↓↓↓

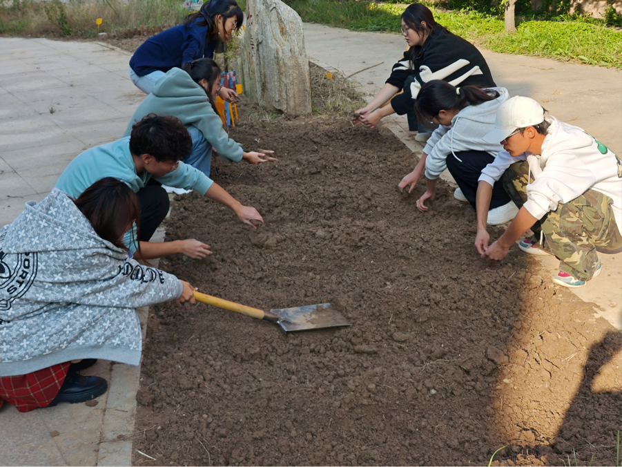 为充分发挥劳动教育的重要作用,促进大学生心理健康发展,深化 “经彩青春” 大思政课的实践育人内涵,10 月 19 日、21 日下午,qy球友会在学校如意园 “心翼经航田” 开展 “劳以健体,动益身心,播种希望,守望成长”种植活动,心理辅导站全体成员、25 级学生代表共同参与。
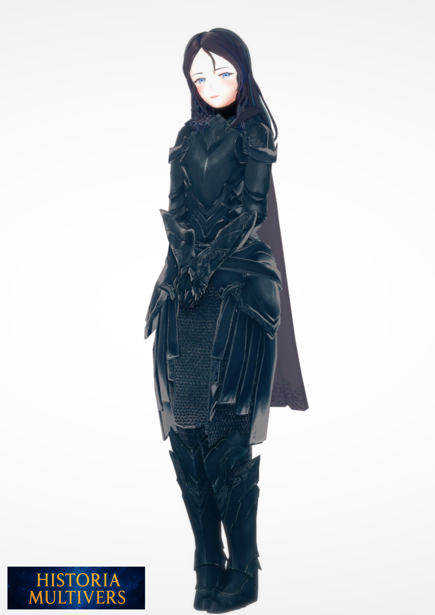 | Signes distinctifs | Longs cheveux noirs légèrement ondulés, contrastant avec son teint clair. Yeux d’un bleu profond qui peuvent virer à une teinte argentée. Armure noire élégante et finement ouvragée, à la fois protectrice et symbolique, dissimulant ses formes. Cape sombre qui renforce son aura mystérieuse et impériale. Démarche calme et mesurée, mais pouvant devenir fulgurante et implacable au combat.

↑↑↑
↓↓↓

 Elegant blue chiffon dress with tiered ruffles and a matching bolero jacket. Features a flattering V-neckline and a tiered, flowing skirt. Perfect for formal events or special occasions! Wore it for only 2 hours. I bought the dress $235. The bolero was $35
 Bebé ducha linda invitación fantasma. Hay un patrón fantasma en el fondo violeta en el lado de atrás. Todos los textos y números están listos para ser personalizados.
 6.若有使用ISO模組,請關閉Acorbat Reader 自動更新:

↑↑↑

Task goal:
Starting with the line that has "大思政课的实践育人内涵,10 月 19" and going on through the line that has "implacable au combat.", transcribe the records above exactly, but skip the pictures.

Output of the exercise:
 为充分发挥劳动教育的重要作用,促进大学生心理健康发展,深化 “经彩青春” 大思政课的实践育人内涵,10 月 19 日、21 日下午,qy球友会在学校如意园 “心翼经航田” 开展 “劳以健体,动益身心,播种希望,守望成长”种植活动,心理辅导站全体成员、25 级学生代表共同参与。
 | Signes distinctifs | Longs cheveux noirs légèrement ondulés, contrastant avec son teint clair. Yeux d’un bleu profond qui peuvent virer à une teinte argentée. Armure noire élégante et finement ouvragée, à la fois protectrice et symbolique, dissimulant ses formes. Cape sombre qui renforce son aura mystérieuse et impériale. Démarche calme et mesurée, mais pouvant devenir fulgurante et implacable au combat.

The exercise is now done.